Reproducible version of the experiments in "Leveraging inductive bias of neural networks for learning without explicit human annotations"

Learning from Candidate Examples

This repository provides code for reproducing the figures in the paper:

"Leveraging inductive bias of neural networks for learning without explicit human annotations", by Fatih Furkan Yilmaz and Reinhard Heckel

Downloading the dataset

Use the following dropbox link to download numpy files containing test and train sets, specifically, our candidate train set, the CIFAR-10.1 test set, and the original CIFAR-10 test and training datasets. Provide the directory of the files to the root argument in the train_reproducible notebook.

  • candidate.npz Contains the candidate training set (which we constructed from the TinyImages dataset from Antonio Torralba, Rob Fergus, William T. Freeman as described in our paper), as well as the CIFAR 10.1 test set from Ben Recht, Rebecca Roelofs, Ludwig Schmidt, and Vaishaal Shankar.
  • cifar.npz Contains the original CIFAR-10 dataset from Alex Krizhevsky, Vinod Nair, and Geoffrey Hinton.
  • sims.npz Contains the similar images excluded from the training set.

Training on candidate dataset

The code for training models on candidate or CIFAR-10 training sets is given in the train_reproducible notebook. The following variables can be adjusted for different experiments:

  • root: Directory (pathlib) where the .npz files of the dataset reside.
  • main_file: Filename for the candidate dataset.
  • sub_file (optional): Filename for the CIFAR-10 dataset. Primary use is to track the accuracy on a clean subset of candidate dataset.
  • model: PyTorch model, from {'resnet', 'densenet', 'vgg', 'shake', 'pyramidnet', 'resnext'}.
  • outpath: Output file for storing training logs.
  • epochs: # epochs.
  • print_freq: Frequency for console log.
  • gpu: GPU for Cuda. If not given, all available Cuda devices will be used.
  • batch_size: Training batch size. Default values are chosen with respect to maximum 12GiB memory.

Visualizing results

The code for plotting the training results from the log files is given in the visualize_train_logs notebook.

Inspecting similar images

The code for visually inspecting similar images is given in the inspecting_similar_images notebook. The test image with the index provided to test_ind variable is shown along with the top-100 closest images from the candidate set including the eliminated images.

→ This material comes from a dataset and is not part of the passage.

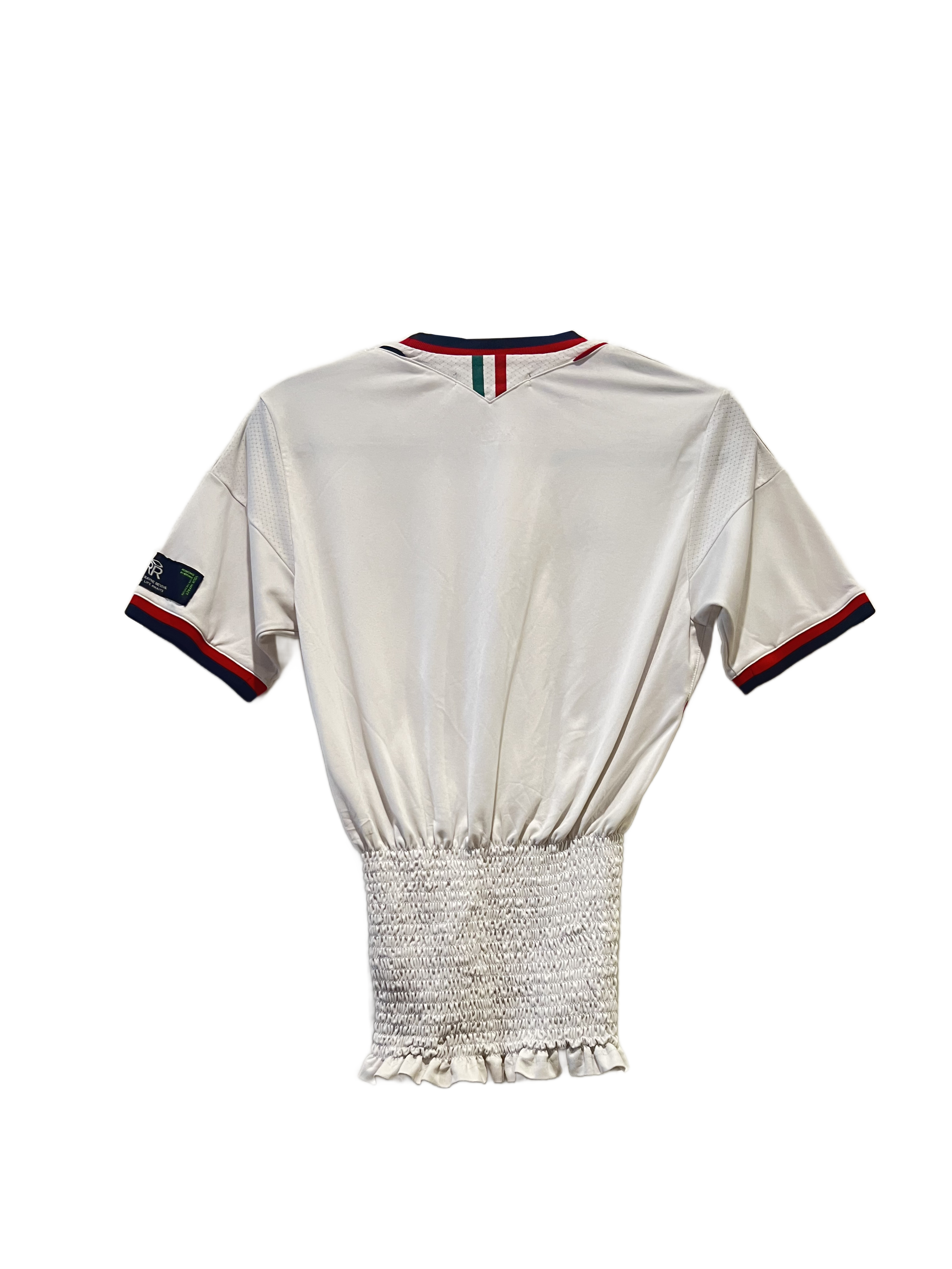 Elevate your collection with this reimagined Milan soccer jersey. Rescued from vintage discards destined for the landfill, each piece has been transformed into a one-of-one collector’s item. The signature DRR patch on the sleeve and shirred waist detailing create a flattering, tucked-in silhouette, while the cropped length ensures a standout look. Fits XS/S best.

Images that are eliminated from the candidate set upon manual inspection are marked as 'Excluded'.

Source codes

Acknowledgements for PyTorch implementations of the models and examples are as follows:

Training code

  • The code for training has been incorporated and modified from the official PyTorch examples repository https://github.com/pytorch/examples/.... The default hyperparameters has been used for fair experiments and comparison.



All files are provided under the terms of the Apache License, Version 2.0.